Maryland is joining three other jurisdictions in supporting the U.S. Environmental Protection Agency (EPA) in the legal battle with the American Farm Bureau Federation (AFBF) over setting pollution limits for the Chesapeake Bay. AFBF and its allies, including the U.S. Poultry and Egg Association, are currently appealing a district court decision that upheld EPA’s right to set pollution limits. The case is before the 3rd U.S. Circuit Court of Appeals in Philadelphia.
At issue is a federal-led effort to restore the 64,000-square-mile Chesapeake watershed by 2025. In 2009, President Obama issued an executive order for restoration of the Chesapeake Bay, prompting the EPA to seek agreements with six states and the District of Columbia to set standards to reduce nitrogen, phosphorus, and sediment.
In its challenge, AFBF maintains that EPA lacks the authority to allocate limits on levels of nitrogen, phosphorus, and other pollutants; that the public did not have an adequate opportunity to weigh in on the plan; that EPA’s actions usurped the rights of the states, and leaves an open path for EPA to take similar actions to assign pollution caps across other watersheds, including potentially the entire Mississippi River Basin. American Farm Bureau Federation President Bob Stallman has called the EPA action “a remarkable power grab.”
The last of the legal briefs in the case were submitted on Monday. Maryland Attorney General Douglas Gansler argues that the cleanup is making progress and should not be derailed by outside states with no interest in the Chesapeake Bay and its watershed. Signing onto his brief are Delaware and the District of Columbia. In April, Virginia submitted a separate brief in support of EPA. That means four of the seven bay jurisdictions who consented to the EPA cleanup in 2010 are now defending the plan in court.
Among the other states that agreed to the Chesapeake plan, West Virginia is now opposing the cleanup, joining 20 other states that previously filed an amicus brief from state attorneys general that opposed the ability of Bay states and the EPA to work cooperatively to address the health of the Bay.

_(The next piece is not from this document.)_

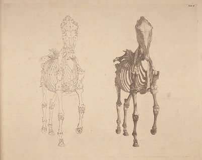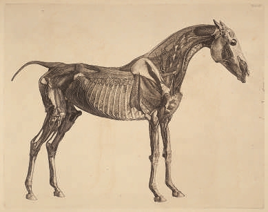 18世纪最著名的艺术家之一乔治·斯塔布斯曾在英国约克郡医院接受了解剖动物和人类尸体的培训。1759年至1761年,他专注于研究马的解剖结构及其身体特征。他花了两年时间专心解剖马匹,忍受着马尸腐烂后散发的恶臭,描绘它们的骨骼、血管和肌肉——终于他完成了《马的解剖学》一书。斯塔布斯先使用铅笔、粉笔或墨水等多种工具,在纸上描绘马的骨骼、心血管系统和肌肉系统,再将终稿转印到铜版上,以制作版画。斯塔布斯一共绘制了3张附有插图的马骨骼的解剖表,15张马的肌肉、筋膜、韧带、神经、动脉、静脉、腺体和软骨的解剖表,每幅插图都从不同角度展示马的躯体,逐层显露其内部结构,就好像皮肤或肌肉在连续的图像中被层层剥离,呈现在读者眼前。《马的解剖学》展现了科学与艺术的交织,这一转变背后,是启蒙时代科学精神的兴起,自然不再仅仅是利用的对象,而是需要系统研究和理性理解的对象,正如斯塔布斯在书中阐释自己进行这项精确研究的理由:希望这本书不仅能引起艺术家的兴趣,还能吸引养马人、蹄铁匠和兽医。
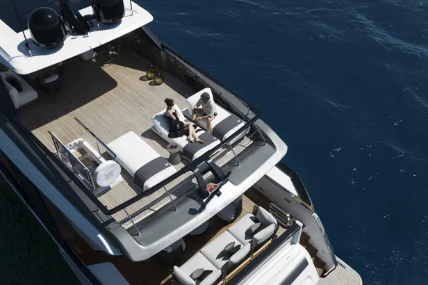 Op de flybridge van zo’n 50 vierkante meter is het ultiem genieten. Onder een hardtop – vast of met verstelbare lamellen – kun je uitgebreid dineren of loungen. Een buitenkeuken met bar maakt het plaatje compleet. Achterop is ruimte voor losse ligbedden of loungetafels, helemaal naar wens in te richten.

Besides West Virginia, the 20 states that oppose the Chesapeake plan include Alabama, Alaska, Arkansas, Florida, Georgia, Indiana, Kansas, Kentucky, Louisiana, Michigan, Missouri, Montana, Nebraska, North Dakota, Oklahoma, South Carolina, South Dakota, Texas, Utah, and Wyoming.
Pennsylvania and New York–states that have big pieces of the Chesapeake watershed–are staying silent in the litigation.
Oral arguments are expected this summer, with a ruling afterward.